Neural permeability prediction of heterogeneous gas sand reservoirs. 9th Middle East Geosciences Conference, GEO 2010.
Analysis of heterogeneous gas sand reservoirs is one of the most difficult problems. These reservoirs are usually produced from multiple layers with different permeability and complex formation, which is often enhanced by natural fracturing. Therefore, using new well logging techniques like nuclear magnetic resonance (NMR) or a combination of NMR and conventional open-hole logs, as well as developing new interpretation methodologies are essential for improved reservoir characterization. NMR logs differ from conventional neutron, density, sonic and resistivity logs because the NMR measurements provide mainly lithology-independent detailed porosity and offer a good evaluation of the hydrocarbon potential. NMR logs can also be used to determine formation permeability and capillary pressure.
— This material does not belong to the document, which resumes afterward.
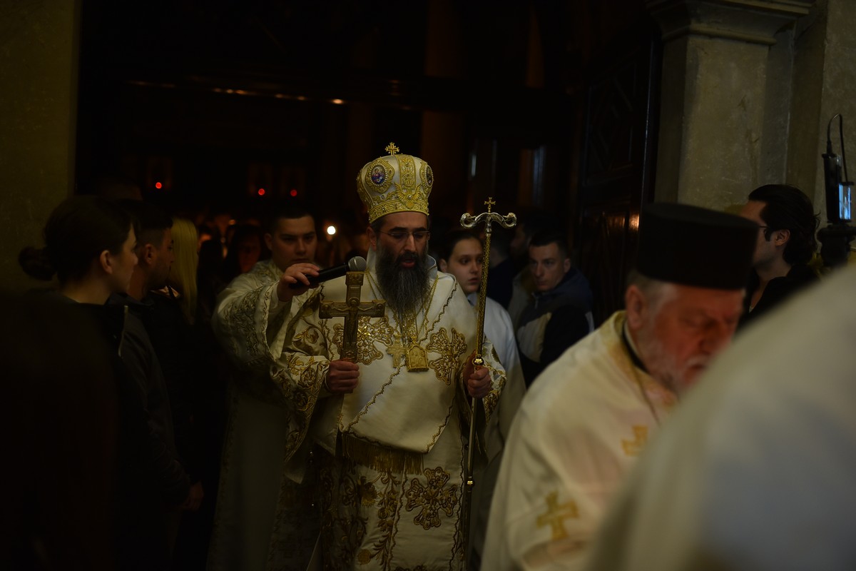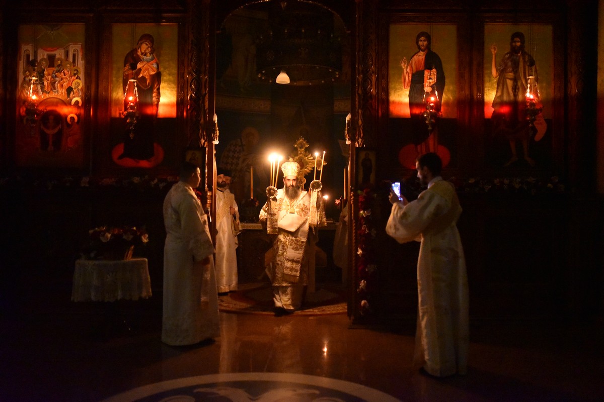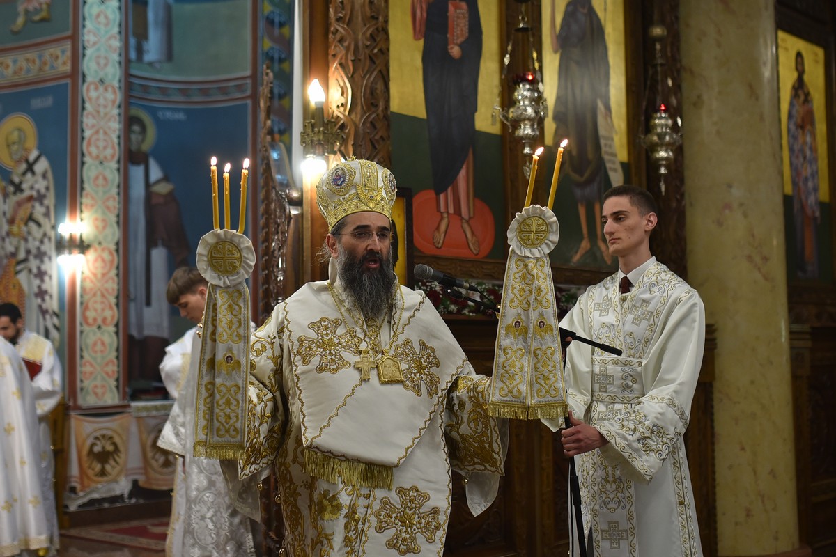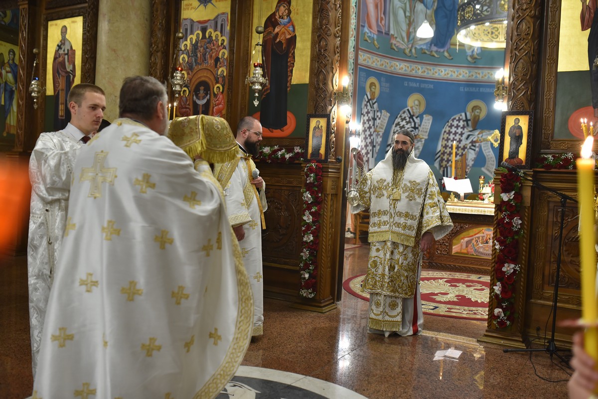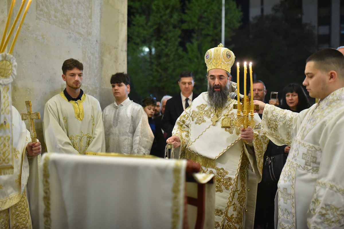 Након појања хвалитних и пасхалних стихира, Високопреосвећени Владика је прочитао празнично слово Светог Јована Златоустог, чему је следио почетак Свете Архијерејске Литургије.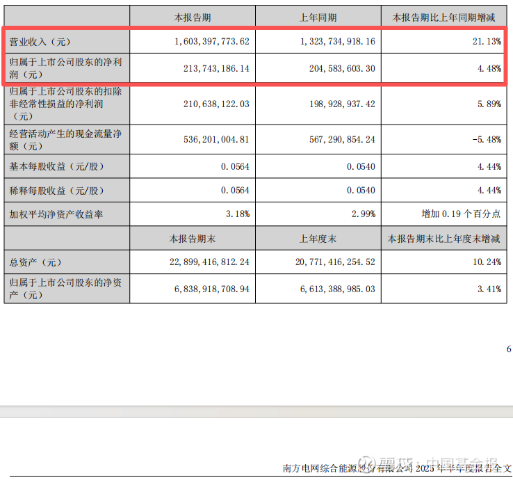 2025年上半年,南网能源的营业收入同比增长21.13%至16.03亿元,归母净利润同比增长4.48%至2.14亿元。

This study concentrates on permeability estimation from NMR logging parameters. Three models used to derive permeability from NMR are Kenyon model, Coates-Timer model and Bulk Gas Magnetic Resonance model. These models have their advantages and limitations depending on the nature of reservoir properties. This study discusses permeability derived from Bulk Gas Magnetic Resonance model and introduces neural network model to derive formation permeability using data from NMR and other open hole log data. The permeability results of neural network model and other models were validated by core permeability for the studied wells.